- What the exercise asks
Pictures in the listing should not be copied. Reproduce, word for word, each line from the one holding "Бусины произвольной формы" through the final line.
(Material provided begins)
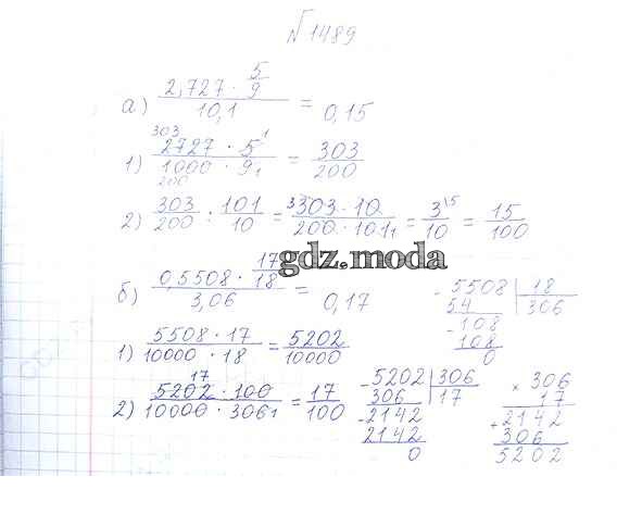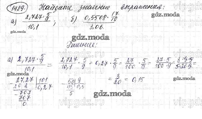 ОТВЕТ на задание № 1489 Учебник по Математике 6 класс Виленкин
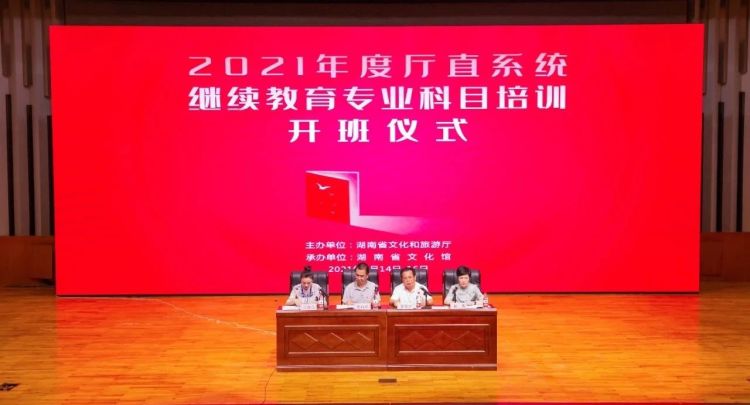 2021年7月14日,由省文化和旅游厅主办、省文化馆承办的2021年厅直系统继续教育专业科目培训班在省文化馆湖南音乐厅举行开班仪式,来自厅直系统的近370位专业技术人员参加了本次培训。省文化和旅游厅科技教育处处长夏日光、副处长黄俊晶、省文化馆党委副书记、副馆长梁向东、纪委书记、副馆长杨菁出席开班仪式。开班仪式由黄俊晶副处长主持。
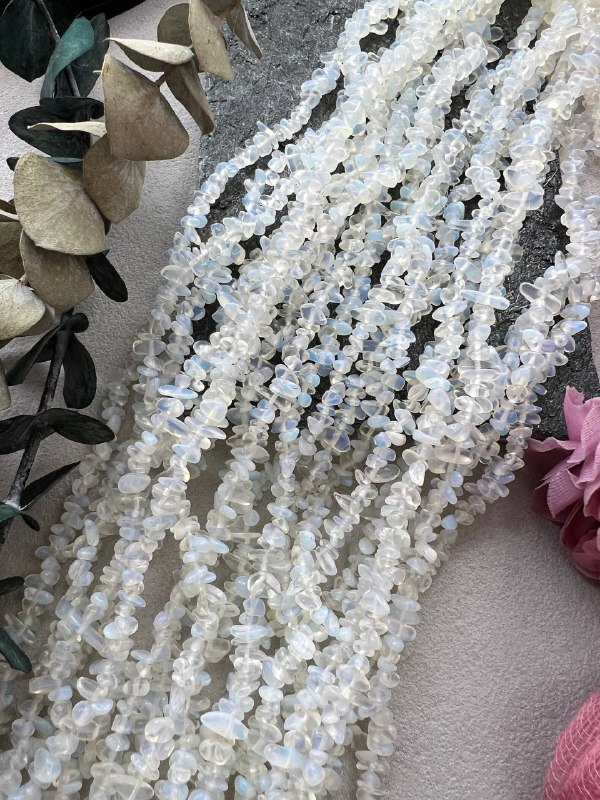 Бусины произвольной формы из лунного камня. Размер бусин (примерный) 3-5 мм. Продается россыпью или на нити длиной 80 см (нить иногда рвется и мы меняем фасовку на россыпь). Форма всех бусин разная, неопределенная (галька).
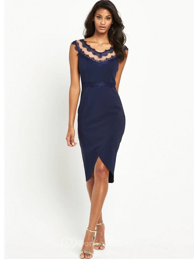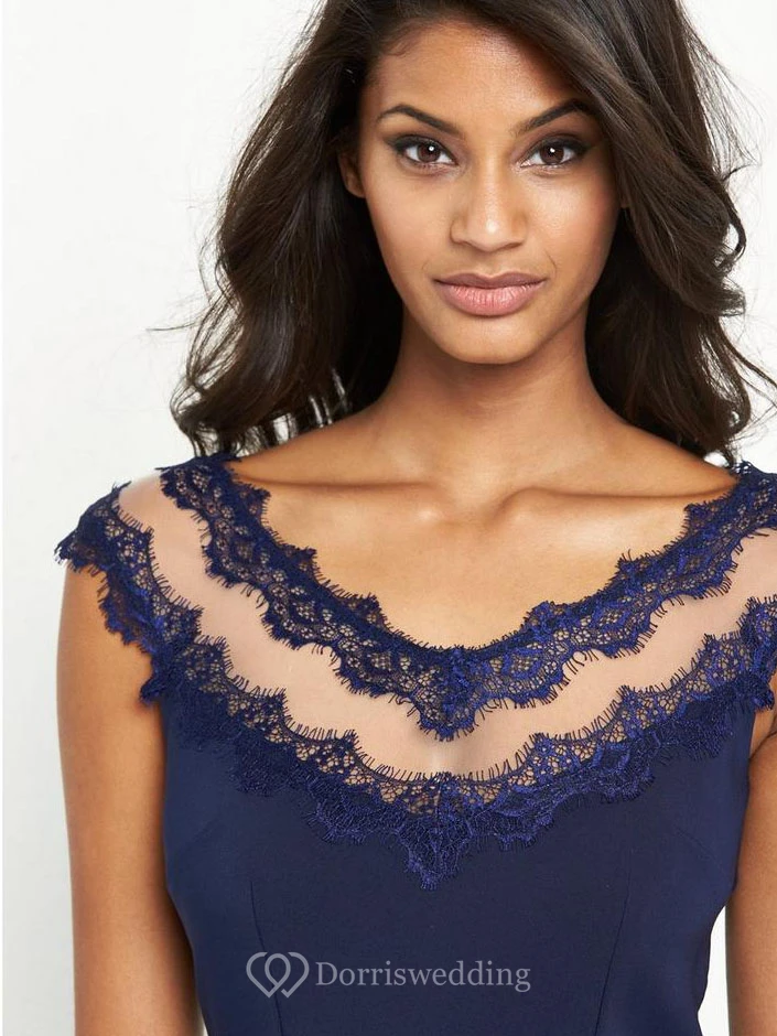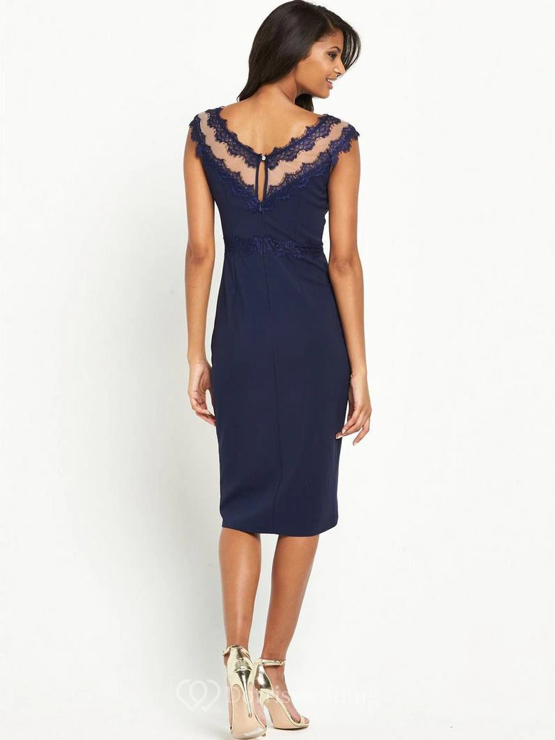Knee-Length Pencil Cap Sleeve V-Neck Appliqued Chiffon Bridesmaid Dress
(Material provided ends)
- Result of this task
 Бусины произвольной формы из лунного камня. Размер бусин (примерный) 3-5 мм. Продается россыпью или на нити длиной 80 см (нить иногда рвется и мы меняем фасовку на россыпь). Форма всех бусин разная, неопределенная (галька).
Knee-Length Pencil Cap Sleeve V-Neck Appliqued Chiffon Bridesmaid Dress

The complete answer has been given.